Turkey Handprint Cookies
Source of Recipe
1 1/3 cups sugar
1 cup vegetable shortening
1/4 cup light corn syrup
2 large eggs
2 teaspoons vanilla extract
3 1/4 cups all-purpose flour
3/4 teaspoon baking powder
3/4 teaspoon baking soda
1/4 teaspoon salt
1 can (16 ounces) milk chocolate frosting
Assorted colored icings and gels
1. Beat sugar and shortening in a large bowl with an electric mixer on medium speed until well combined, about 2 minutes.
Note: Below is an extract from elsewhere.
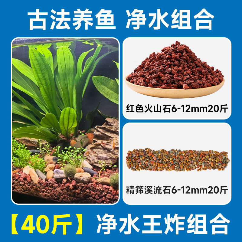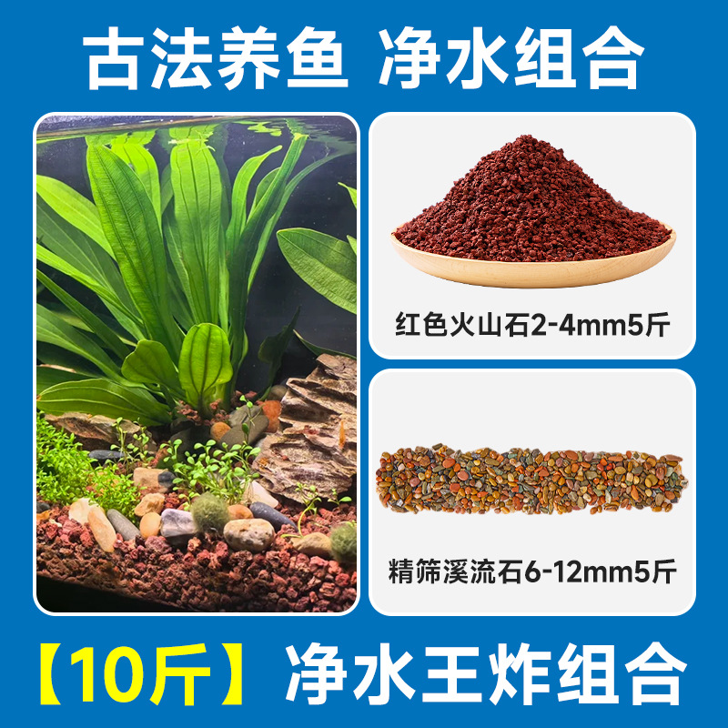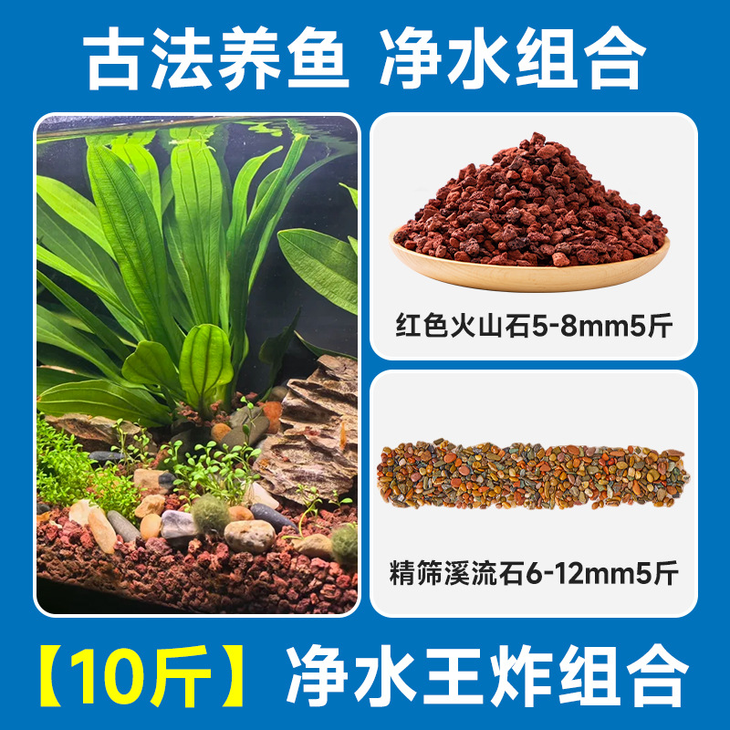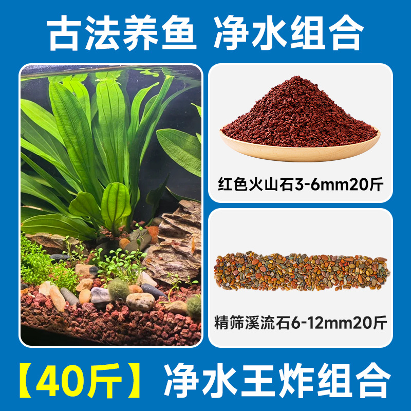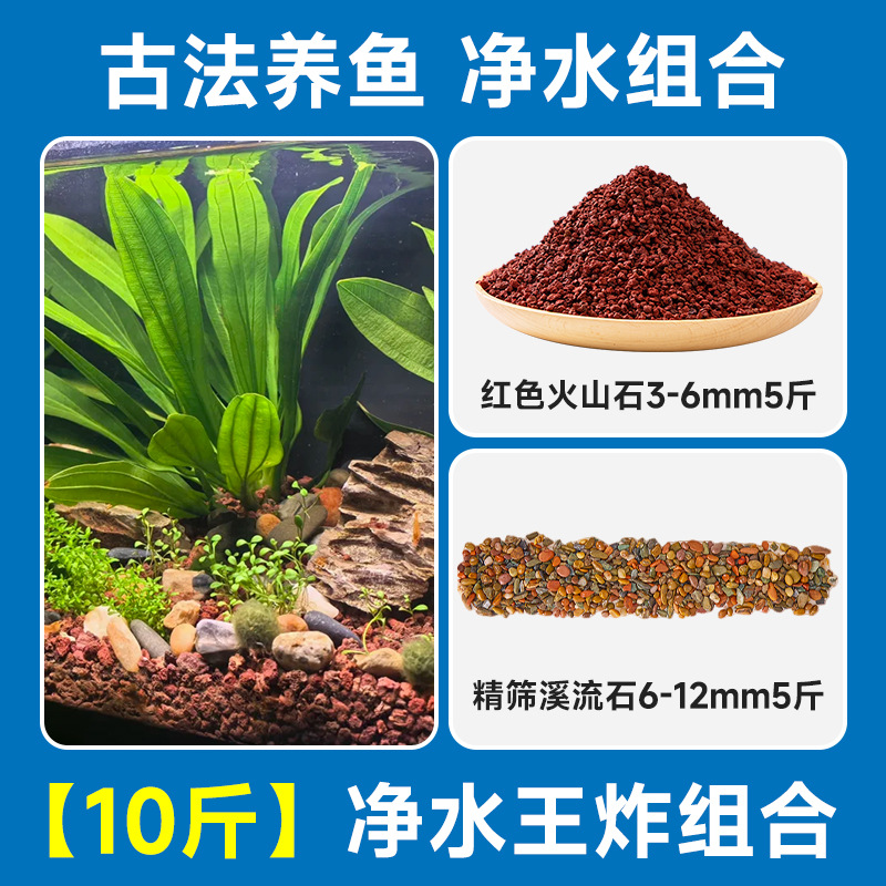 • [기장 탱크 패키지] 5-8mm 붉은 화산석 2.5kg개 + 6-12mm 고운 체로 치은 하천석 2.5kg개 [길이 40*가로 30cm 사각 탱크]

Add corn syrup, eggs and vanilla; beat until fluffy, 1-2 minutes.
2. Combine flour, baking powder, baking soda and salt in a medium bowl; mix well. Add flour mixture gradually to sugar mixture, beating until combined. Shape dough into a disk; wrap in plastic wrap. Chill until firm, 1-2 hours.
3. Preheat oven to 350F. Roll chilled dough on a lightly floured surface to an 1/8-inch thickness. Gently press hand into dough to make a clear imprint. Cut around outer edge of handprint with a knife. Repeat with remaining dough. Lift cookies carefully with a spatula and place on ungreased baking sheets.
4. Bake cookies until lightly golden around edges, 9-12 minutes. Remove cookies from baking sheets; cool completely on wire racks.
5. Frost cooled turkey cookies with milk chocolate frosting. Decorate with colored icings, gels and candy corn.